Eric Repice believes that to understand the world, you have to understand the manmade objects in it. That philosophy helps explain what some might see as a strange combination of areas of study: art and anthropology.
When Repice receives his master of fine arts degree from the Graduate School of Art in the Sam Fox School of Design & Visual Arts today, he won’t be leaving the University. He plans to spend the next two years finishing his dissertation to earn a doctorate in cultural anthropology from the Department of Anthropology in Arts & Sciences.

Through his varied studies — which include a master’s degree in economics from George Washington University — he sees connections to a broader world.
“To understand, we can’t just focus on one thing,” says the Winona, Minn., native.
The Lynne Cooper Harvey Fellow in American Culture Studies in Arts & Sciences, a University Fellow in Cultural Anthropology and a Jens Fellow in the Graduate School of Art, Repice came to the University in 2000 to study anthropology and American culture under John R. Bowen, Ph.D., the Dunbar-Van Cleve Professor in Arts & Sciences, and Wayne D. Fields, Ph.D., the Lynne Cooper Harvey Distinguished Professor of English in Arts & Sciences and director of American Culture Studies.
A self-taught painter, Repice always had an interest in art.
“I chose anthropology because I didn’t feel the need to go to art school. I was active on my own,” he says. “I needed to learn more about the world to understand what to make art about.”
But three years into his doctoral program, Repice approached Joan Hall, the Kenneth E. Hudson Professor of Art, about an independent-study art project.
Sam Fox School of Design &Visual Arts, Graduate School of Art |
“He needed to make art,” Hall says, “and was ready to study it.”
Repice’s crossover between anthropology and art and his study of the mark people leave behind intrigued Hall.
“It was fascinating,” she says. “He’s a very creative thinker. Eric is a perfect example of an interdisciplinary student in the College of Art.”
In 2004, Repice became a student in the master of fine arts program, through which he earned the School of Art’s Bell Cramer Award in Printmaking.
The combination of the two disciplines — the theory of anthropology and the practice of art — blend well for Repice.
“Anthropologists get out and do things,” he says. “I wanted to be involved in art production.”

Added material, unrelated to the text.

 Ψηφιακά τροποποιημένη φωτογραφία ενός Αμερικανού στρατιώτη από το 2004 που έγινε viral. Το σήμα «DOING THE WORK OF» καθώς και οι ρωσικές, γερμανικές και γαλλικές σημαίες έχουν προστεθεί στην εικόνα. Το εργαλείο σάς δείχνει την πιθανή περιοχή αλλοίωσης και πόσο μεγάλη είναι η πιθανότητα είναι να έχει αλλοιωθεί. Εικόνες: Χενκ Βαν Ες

That desire, coupled with Repice’s interest in Latino culture — he teaches an interdisciplinary course called “Latino Experiences in the United States” — and Latino art, particularly the public art form of murals, led to the St. Louis Mural Art Project.
He helped organize and paint a 150-foot mural celebrating world music at Casa Loma Ballroom at 3354 Iowa Ave. Working with local artist Sarah Paulsen and a dozen Mexican-American children from the community, the project took several months to complete.
“It was a way of seeing art outside its normal confines: art in the open, not contained in a museum or art school or art history book,” Repice says.
Other projects Repice has worked on include creating a one-mile walking trail of more than 2,300 stenciled and printed footprints through an urban neighborhood in Columbia, Mo.; an Earth Day project involving replacing litter in Forest Park with boxes containing origami lithographs depicting the environment; and helping coordinate an interdisciplinary graduate student art show that brought together the works of more than 50 University students.
In his own work, Repice focuses on what he calls “plein-air printmaking,” which he describes as “getting outside the studio and experiencing the world, its textures, objects, impressions.” For example, through embossments and charcoal rubbings, he incorporates the impressions and marks of ordinary objects, such as street grates, into the paper pieces and prints he makes.
“It’s seeing the world not just as objects, but what they can be used to generate,” he says.
Such thinking impresses Hall.
“He takes something we use every day and elevates it to an art icon,” Hall says.
“I’m excited to see what he does in the future.”
In the more immediate future, Repice will take on yet another role: father. In August, Repice and his wife of five years, Michelle, a doctoral student in the Department of History in Arts & Sciences, are expecting a baby girl.
After finishing his dissertation, Repice hopes to continue to combine his interests through a studio practice and teaching.
“It might seem like I wear two different hats, but they are the same hat,” Repice says. “I wear it in different places.”